START SOURCE RECORDS
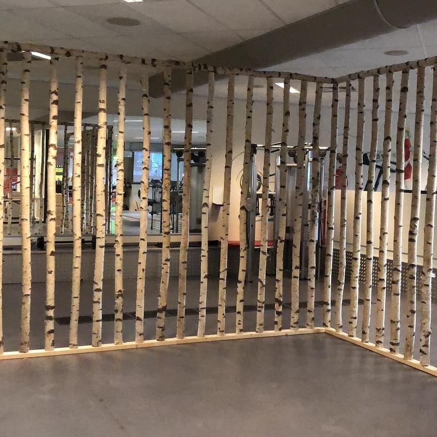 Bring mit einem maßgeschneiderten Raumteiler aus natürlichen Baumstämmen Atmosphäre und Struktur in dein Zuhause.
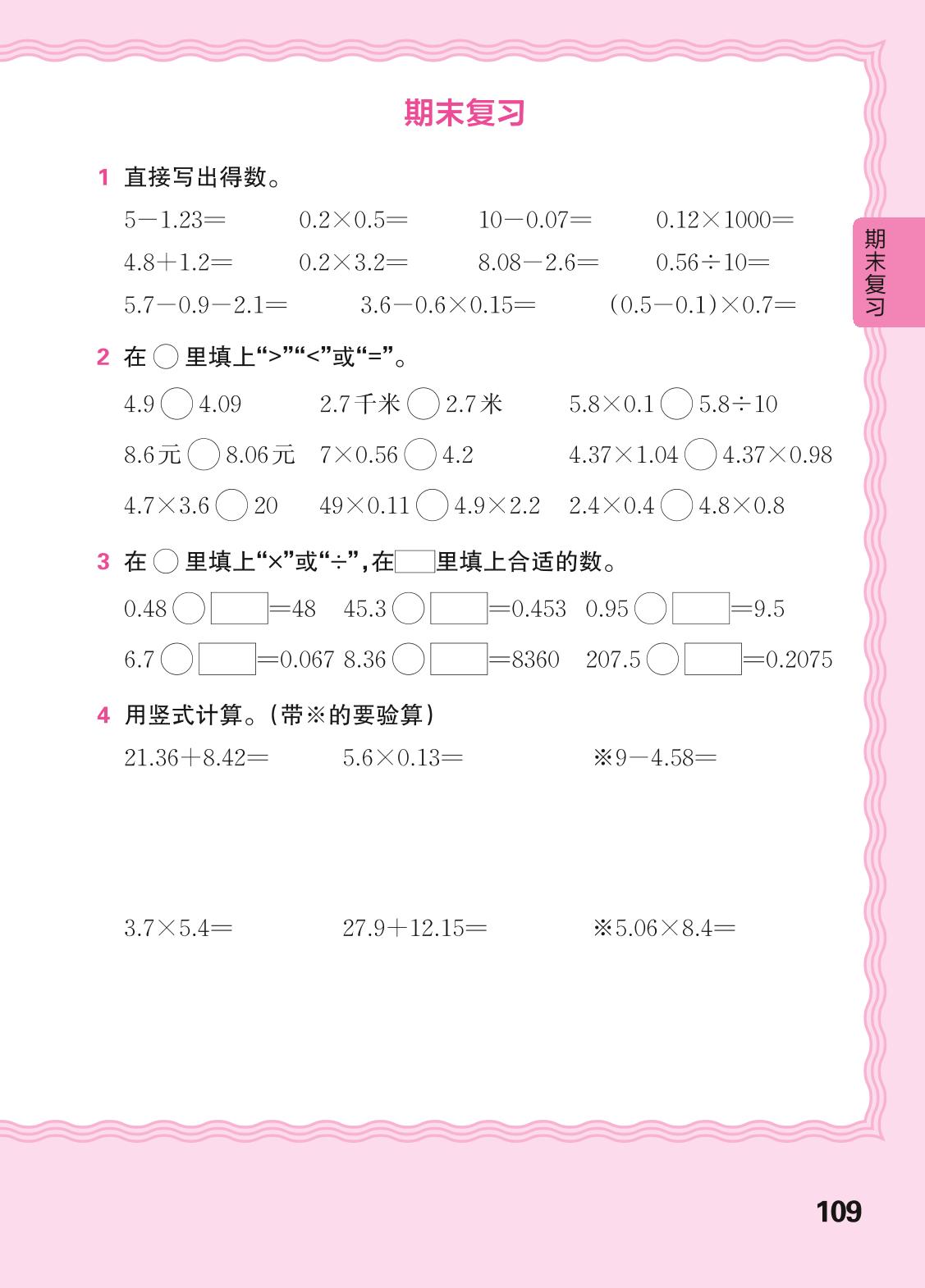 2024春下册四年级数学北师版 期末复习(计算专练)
END SOURCE RECORDS
START SOURCE RECORDS
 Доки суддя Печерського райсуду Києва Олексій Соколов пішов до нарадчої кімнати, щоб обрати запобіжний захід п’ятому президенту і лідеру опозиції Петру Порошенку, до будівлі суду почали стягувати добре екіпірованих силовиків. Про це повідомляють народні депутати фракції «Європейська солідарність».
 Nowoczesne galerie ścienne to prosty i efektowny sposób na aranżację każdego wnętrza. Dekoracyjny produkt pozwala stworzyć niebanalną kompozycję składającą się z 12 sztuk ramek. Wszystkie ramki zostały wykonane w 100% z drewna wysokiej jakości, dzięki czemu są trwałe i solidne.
END SOURCE RECORDS
● **WORK TO COMPLETE**
Using the data above, set down each line from the line with "Bring mit einem" to the line with "2024春下册四年级数学北师版 期末复习(计算专练)" exactly, both ends included, and leave the pictures behind. Nothing else belongs.

● **RESPONSE**
 Bring mit einem maßgeschneiderten Raumteiler aus natürlichen Baumstämmen Atmosphäre und Struktur in dein Zuhause.
 2024春下册四年级数学北师版 期末复习(计算专练)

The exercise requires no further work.